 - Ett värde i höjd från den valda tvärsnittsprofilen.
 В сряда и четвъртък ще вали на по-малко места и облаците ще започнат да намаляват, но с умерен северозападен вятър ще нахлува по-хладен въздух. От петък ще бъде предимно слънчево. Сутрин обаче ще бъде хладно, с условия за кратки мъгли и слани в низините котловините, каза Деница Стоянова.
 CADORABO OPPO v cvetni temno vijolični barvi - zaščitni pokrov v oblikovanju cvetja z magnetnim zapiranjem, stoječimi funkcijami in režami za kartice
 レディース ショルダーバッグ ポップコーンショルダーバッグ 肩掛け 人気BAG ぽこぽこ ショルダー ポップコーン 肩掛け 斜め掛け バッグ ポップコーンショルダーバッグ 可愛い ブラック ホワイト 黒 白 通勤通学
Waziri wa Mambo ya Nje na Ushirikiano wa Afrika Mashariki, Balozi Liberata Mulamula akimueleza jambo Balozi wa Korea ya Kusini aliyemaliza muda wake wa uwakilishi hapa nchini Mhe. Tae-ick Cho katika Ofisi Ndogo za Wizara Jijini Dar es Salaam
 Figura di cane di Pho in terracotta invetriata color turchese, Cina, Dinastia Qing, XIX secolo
...
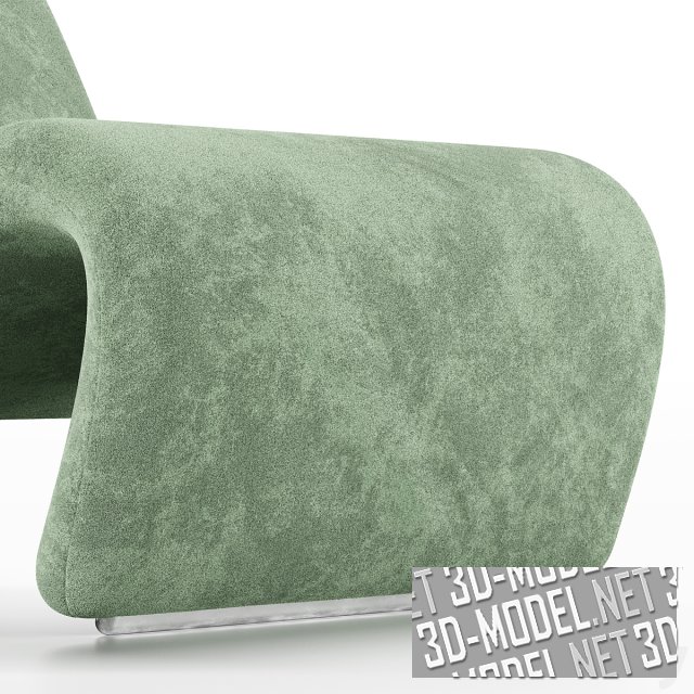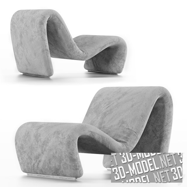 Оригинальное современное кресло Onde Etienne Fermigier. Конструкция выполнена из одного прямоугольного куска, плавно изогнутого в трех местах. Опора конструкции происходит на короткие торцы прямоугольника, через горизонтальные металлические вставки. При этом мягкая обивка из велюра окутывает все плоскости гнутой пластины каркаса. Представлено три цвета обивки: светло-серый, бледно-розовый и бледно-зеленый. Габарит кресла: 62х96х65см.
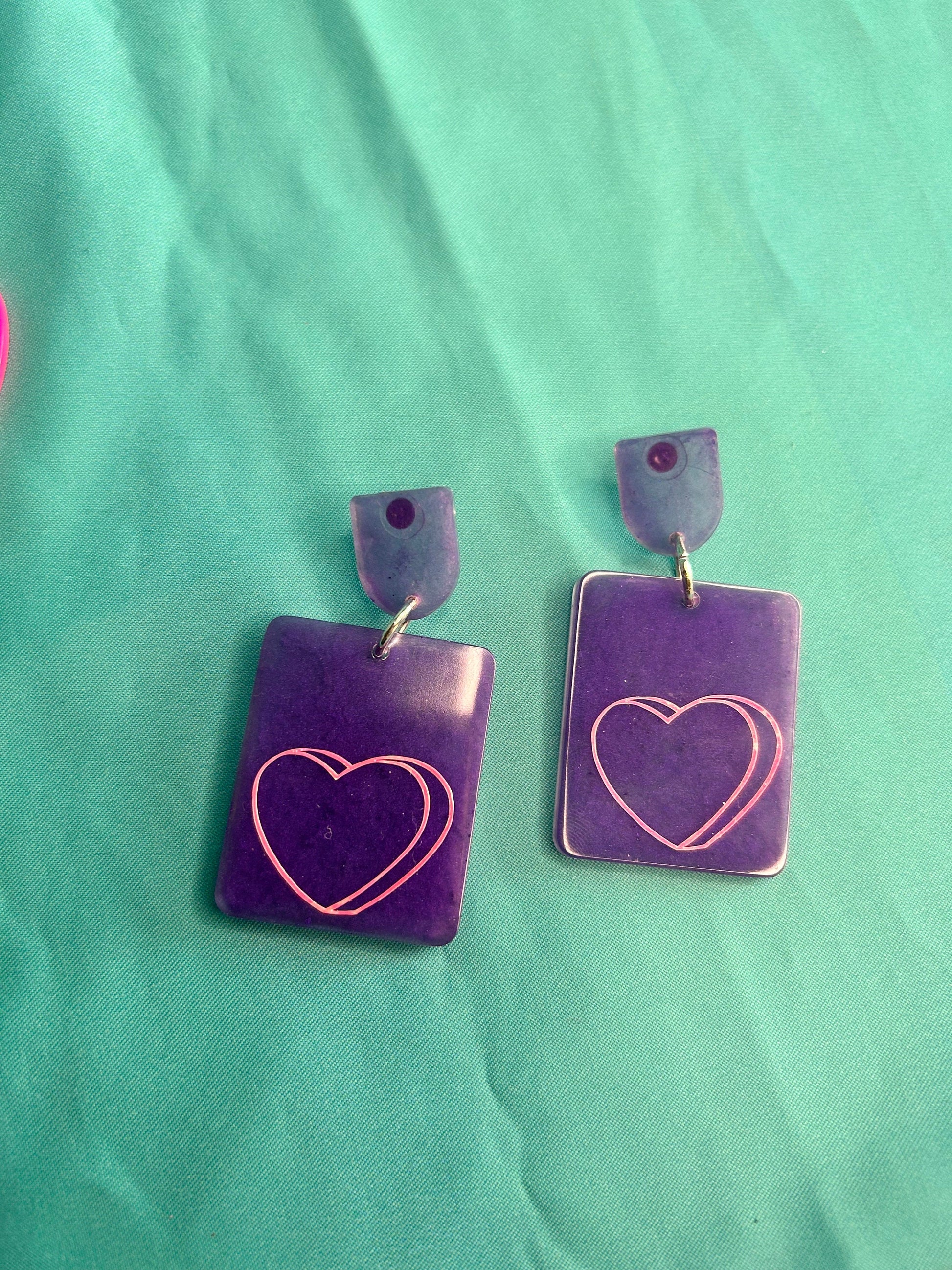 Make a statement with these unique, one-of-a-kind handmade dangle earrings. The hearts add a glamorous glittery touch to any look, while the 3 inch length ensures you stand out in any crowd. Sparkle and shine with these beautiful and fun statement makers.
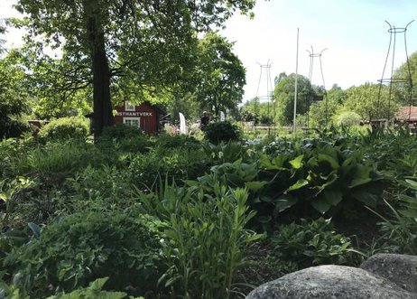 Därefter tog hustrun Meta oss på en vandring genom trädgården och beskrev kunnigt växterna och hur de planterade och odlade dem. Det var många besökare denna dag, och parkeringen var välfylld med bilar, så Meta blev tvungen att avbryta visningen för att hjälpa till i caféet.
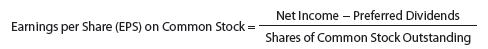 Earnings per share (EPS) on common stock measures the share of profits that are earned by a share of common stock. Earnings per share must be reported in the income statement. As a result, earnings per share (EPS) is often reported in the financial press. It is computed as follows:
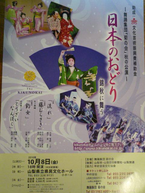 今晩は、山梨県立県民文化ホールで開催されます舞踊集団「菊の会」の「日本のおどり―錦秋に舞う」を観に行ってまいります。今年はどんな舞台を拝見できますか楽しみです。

What is being asked >>
Print an exact copy of the lines above, from the one containing "Make a statement" through the one containing "今晩は、山梨県立県民文化ホー", and leave out the pictures.

Exercise answer >>
 Make a statement with these unique, one-of-a-kind handmade dangle earrings. The hearts add a glamorous glittery touch to any look, while the 3 inch length ensures you stand out in any crowd. Sparkle and shine with these beautiful and fun statement makers.
 Därefter tog hustrun Meta oss på en vandring genom trädgården och beskrev kunnigt växterna och hur de planterade och odlade dem. Det var många besökare denna dag, och parkeringen var välfylld med bilar, så Meta blev tvungen att avbryta visningen för att hjälpa till i caféet.
 Earnings per share (EPS) on common stock measures the share of profits that are earned by a share of common stock. Earnings per share must be reported in the income statement. As a result, earnings per share (EPS) is often reported in the financial press. It is computed as follows:
 今晩は、山梨県立県民文化ホールで開催されます舞踊集団「菊の会」の「日本のおどり―錦秋に舞う」を観に行ってまいります。今年はどんな舞台を拝見できますか楽しみです。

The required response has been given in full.